How to cleanly use Option<&mut> multiple times?

I have a function test1 that takes an Option<&mut> param. The idea is to then pass that param onto other function calls test2 to collect data.

The problem is that the first calls of test2 transfers ownership and so the second call won't compile.

I understand how this can be a problem with a generic type, but since the Option is holding a &mut I think there must be a clean way to do this?

The best I can manage is:

fn test1(param: Option<&mut usize>) {
    if let Some(p) = param {
        test2(Some(p));
        test2(Some(p));
    } else {
        test2(None);
        test2(None);
    }
}

But that's a mess of duplication... must be a better way?

Here's setup I'm working with:

fn main() {
    let mut i = 0;
    let o_i = Some(&mut i);
    test1(o_i);
    println!("{}", i);
}

fn test1(param: Option<&mut usize>) {
    test2(param);
    test2(param);
}

fn test2(param: Option<&mut usize>) {
    if let Some(i) = param {
        *i += 1;
    }
}

(Playground)

Errors:

   Compiling playground v0.0.1 (/playground)
error[E0382]: use of moved value: `param`
  --> src/main.rs:10:11
   |
8  | fn test1(param: Option<&mut usize>) {
   |          ----- move occurs because `param` has type `std::option::Option<&mut usize>`, which does not implement the `Copy` trait
9  |     test2(param);
   |           ----- value moved here
10 |     test2(param);
   |           ^^^^^ value used here after move

error: aborting due to previous error

For more information about this error, try `rustc --explain E0382`.
error: could not compile `playground`.

To learn more, run the command again with --verbose.

You could introduce a function like this:

fn brw_opt<'a, T>(opt: &'a mut Option<&mut T>) -> Option<&'a mut T> {
    match opt {
        Some(r) => Some(&mut *r),
        None => None,
    }
}
fn test1(mut param: Option<&mut usize>) {
    test2(brw_opt(&mut param));
    test2(param);
}

Thank you, that does the trick, though I'm going to have to puzzle over the function a bit longer before I understand what's gong on. Anyway thanks again for your help!

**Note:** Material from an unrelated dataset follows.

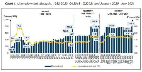 The latest labour report from the Department of Statistics Malaysia (DOSM) indicated that Malaysia’s unemployment rate for July 2021 has remained unchanged from the previous month, set at 4.8%. However, the number of unemployed individuals increased slightly by 1.2% to record a total of 778,200 persons compared with 768,700 persons in June 2021.

Basically it works for the same reason this works:

fn test1(param: Option<&mut usize>) {
    if let Some(p) = param {
        test2(Some(p));
        test2(Some(p));
    } else {
        test2(None);
        test2(None);
    }
}

It creates a sub-borrow of the mutable reference and puts that borrow in a new option.

You can also use Option::as_deref_mut, the std version of @alice's brw_opt

fn test1(mut param: Option<&mut usize>) {
    test2(param.as_deref_mut());
    test2(param);
}

Ah I was looking for a combinator that could do it, but it didn't come across me that this would work.

Thanks, that's a little easier. I did browse through the method originally, but couldn't quite make all the template transformations in my head to see that it was the solution.